Write out only the lines from the start of the entries up to and including the line with "Fairy Birthday Invitation"; please skip the pictures.

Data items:
------------------------------------------------

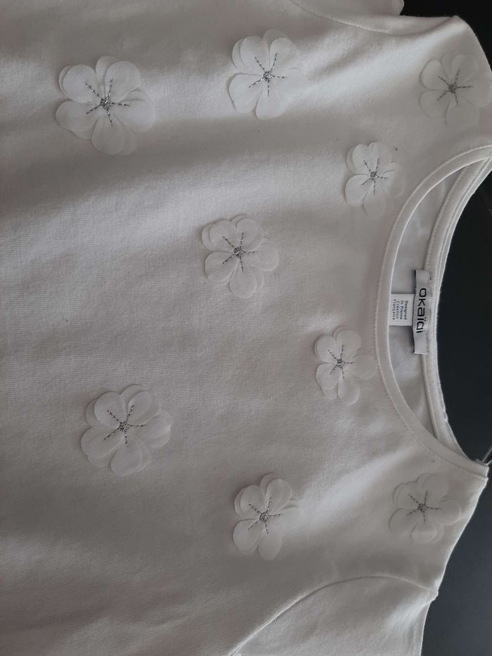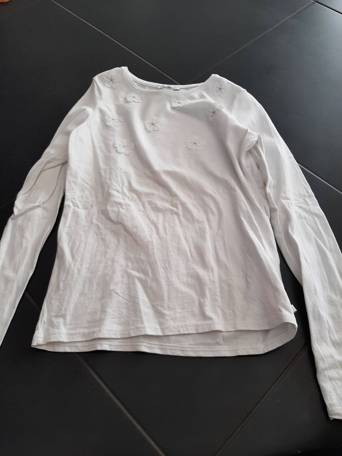 T-shirt blanc manches longues 12 ans okaidi Avec des fleurs Très peu porté
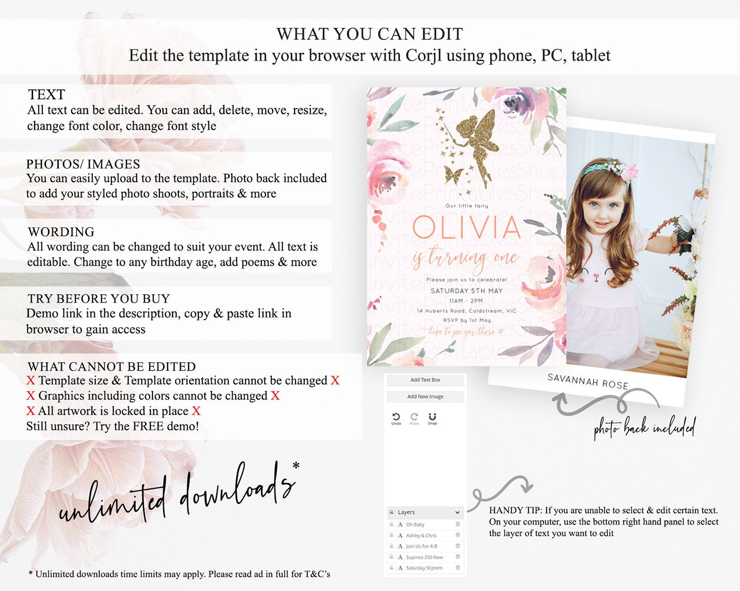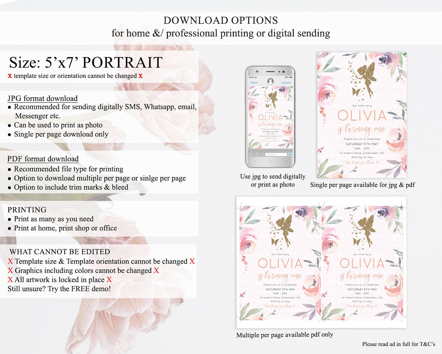 Fairy Birthday Invitation Fairy Invites Fairy Tea Party Fairy Garden Birthday Secret Garden Enchanted Garden Pastel Floral Butterfly D10197
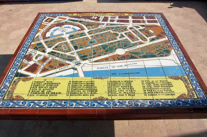 En el maltratado Parque de Maria Luisa de Sevilla, concretamente en la Plaza de Ámerica , nos encontramos con este pequeño espacio de forma cuadrada delimitado por unos bancos de baldosas y azulejos con forma de ángulo recto.. En su centro existe una gran mesa que le da nombre a la glorieta. Ésta consta de una plataforma revestida por un mural de azulejos donde se representa el plano de la Exposición Iberoamericana de 1929 en una época que no había GPS, ni Google Maps ( y aún asi hay extranjeros que se pierden ) .-
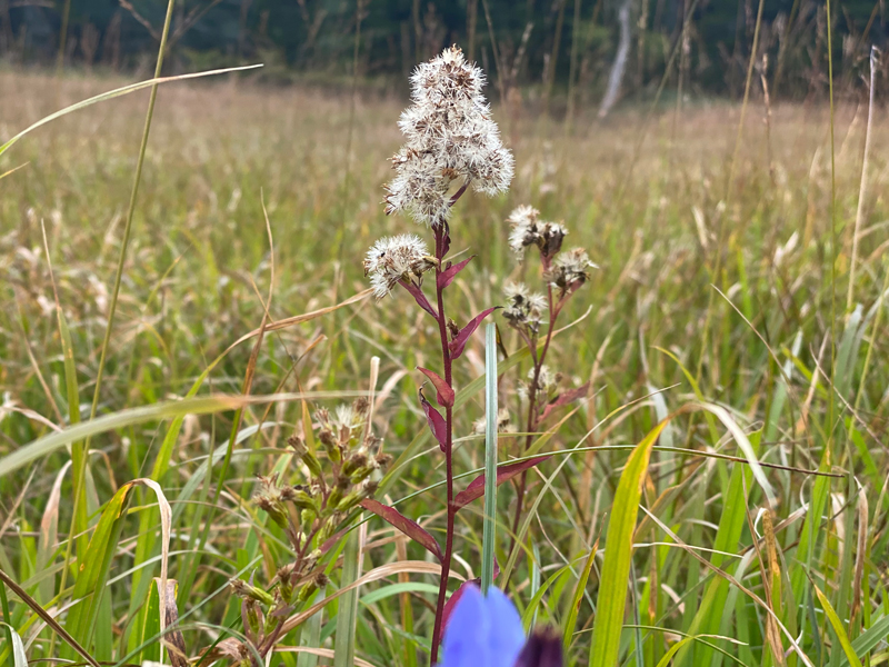時折、紫の綺麗な花が目につき、植物アプリで調べてみると、猛毒のオゼトリカブトです。そのほか綿毛になったミヤマアキノキリンソウなどがたくさん生えていました。
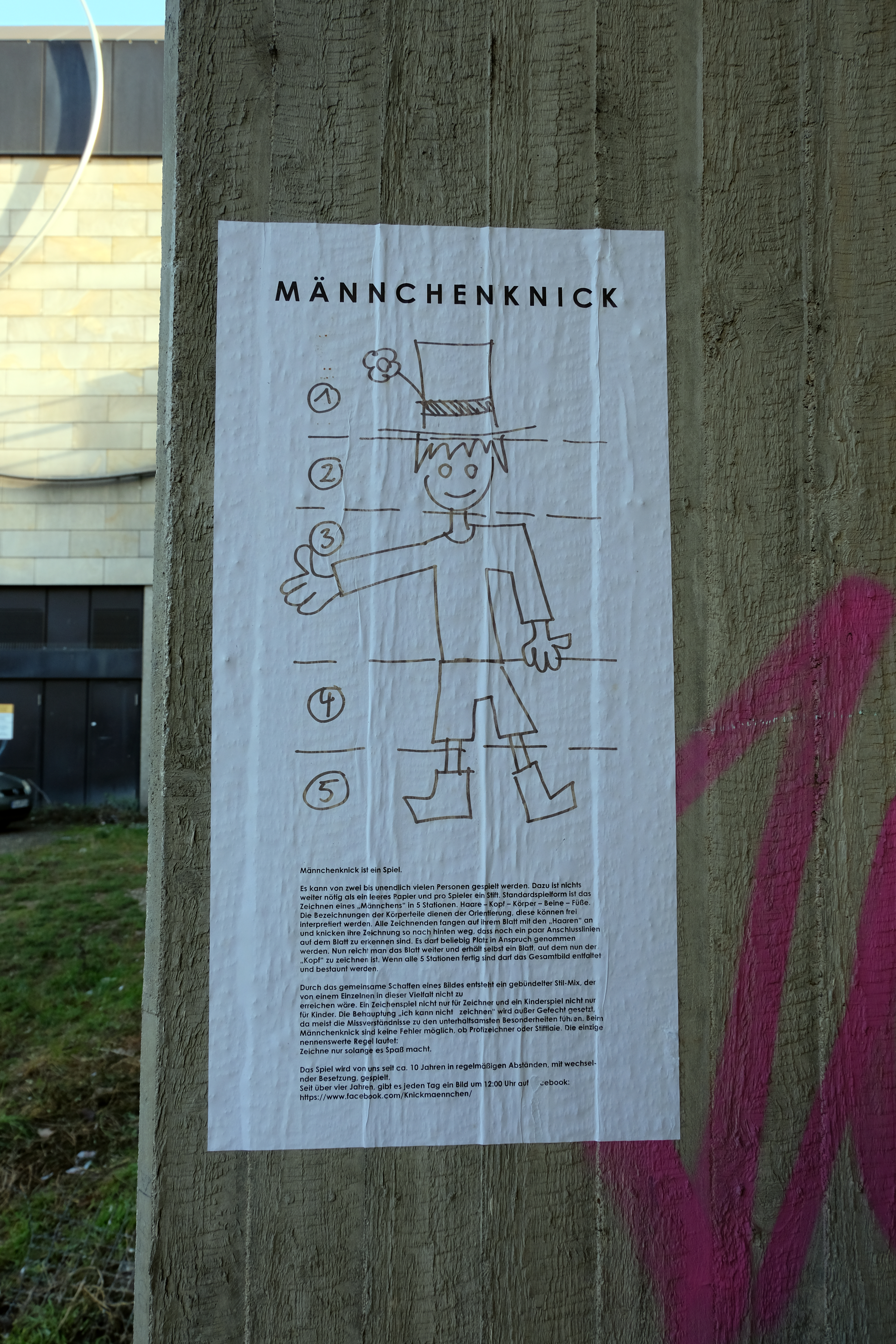 | Beschreibung | Streetart mit Männchenknick bzw. Knickmännchen an der Schwabacher Unterführung, Dez. 2020 | ||
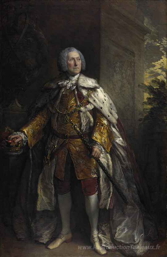 Nous vous proposons une reproduction artisanale sur toile du célèbre tableau 'John Campbell, 4e duc d'Argyll' de Thomas Gainsborough, provenant du Musée de la Reproduction.
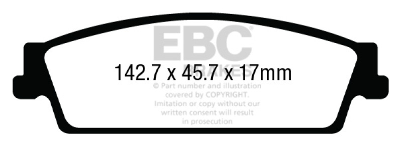 6000 Series Greenstuff Truck/SUV Brakes Disc Pads; FMSI Pad No. D1707; Pad Dimensions: 142.8 x 45.7 x 17mm;
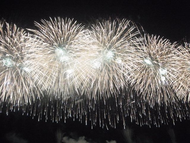 2004年の中越地震復興を願って始まったプログラム。平原綾香さんの「Jupiter」の音楽に合わせて、花火が完全にシンクロし、5分以上にわたる大演出が繰り広げられます。約2kmに及ぶ幅で打ち上げられ、他で見ることはできないであろう圧倒的なスケール! 花火の種類は超ワイドスターマインで3社に分かれて打ち上げられているそうです。
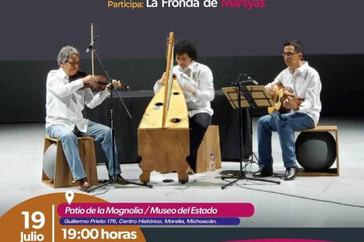 NOTICIAS 18/07/2023Gran concierto de sones llegará el miércoles al Museo del Estado La Fronda de Marsyas presentará "Valonas para las cinco cuerdas" el próximo 19 de julio a las 19:00 horas en el Museo del Estado, como parte del programa Arte, Historia y Tradición Popular de la Secretaría de Cultura de Michoacán (Secum).

------------------------------------------------

**Response to this task**.
 T-shirt blanc manches longues 12 ans okaidi Avec des fleurs Très peu porté
 Fairy Birthday Invitation Fairy Invites Fairy Tea Party Fairy Garden Birthday Secret Garden Enchanted Garden Pastel Floral Butterfly D10197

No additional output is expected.